A Constituição de 1988, em seu “Capítulo V – Dos partidos políticos”, mais
especificamente, no art. 17, § 3º, estabelece que “os partidos políticos têm direito
a recursos do fundo partidário e acesso gratuito ao rádio e à televisão, na forma
da lei” (grifei).
Ora, a partir desse comando constitucional, a matéria foi regulada pela Lei
9.096/1995, denominada Lei dos Partidos Políticos, que disciplinou o rateio do
fundo partidário e o exercício do “direito de antena”.
Ou seja, a autorização para regular a matéria, por lei, decorre do próprio texto
constitucional.
Cumpre notar, ademais, que, a partir de uma simples leitura da Carta Maior,
depreende-se que o limite constitucional imposto ao legislador derivado, previsto
em seu art. 60, § 4º, que pode ensejar o trancamento do próprio processo legis‑
lativo, diz respeito tão somente a propostas de emenda ao texto constitucional.
Na espécie, a proposição legislativa que se pretende obstar com a impetração
deste mandamus configura mero projeto de lei (PLC 14/2013), não havendo falar,
pois, de aplicação do referido preceito, sobretudo porque se quer alcançar tal
desiderato por meio de um mandado de segurança, cuja vocação é, sabidamente,
proteger direito líquido e certo (cf.

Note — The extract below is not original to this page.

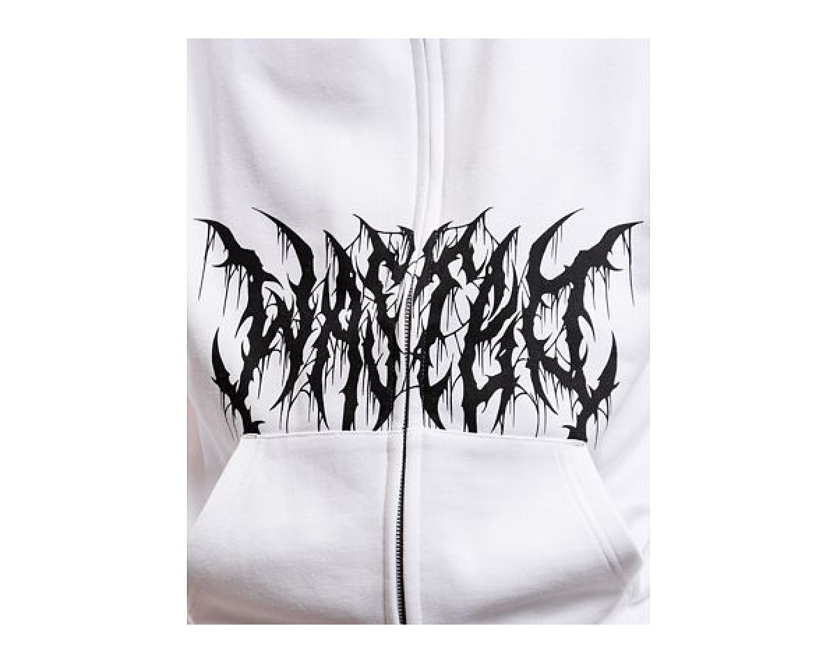 mikina s kapucí Full Zip Blitz je vyrobena ze silného fleecu. Má volný střih a zip, který umožňuje zapínání celé kapuce. Zobrazuje sítotiskové umělecké dílo na přední straně a na předku a také sítotiskové umělecké dílo s tepelně zatavenými kamínky na zadní straně

MS 30.956, de minha relatoria).
E aqui é preciso esclarecer importante questão constitucional: por que o limite
imposto pelo constituinte originário ao constituinte derivado, que autoriza o
controle judicial preventivo de constitucionalidade, diz respeito, apenas, a pro‑
postas de emenda à Constituição atentatórias às cláusulas pétreas, mas silencia
a respeito das leis infraconstitucionais que padeceriam do mesmo vício?
Não há qualquer dúvida entre os estudiosos de que os constituintes origi‑
nários buscaram preservar aquilo que se poderia chamar de “cerne imutável”
ou de “núcleo duro” da Constituição, impedindo que uma proposta de emenda
constitucional pudesse vir a alterá-lo.
Daí a vedação imposta pelo art. 60, § 4º, da Constituição, que impede deli‑
beração desse tipo de PEC e silencia, eloquentemente, sobre a tramitação de
projetos de lei infraconstitucionais.
O “silêncio eloquente” da Constituição, nesse ponto, se justifica, em primeiro
lugar, porque um mero projeto de lei em discussão, ainda que possa vir a ser
aprovado, não tem a força de alterar as balizas constitucionais que configuram
paradigmas para o controle judicial repressivo de constitucionalidade. Quer
dizer, um simples projeto de lei, ainda que aprovado, sancionado e publicado,
não ameaça, em absolutamente nada, a higidez da Carta Maior.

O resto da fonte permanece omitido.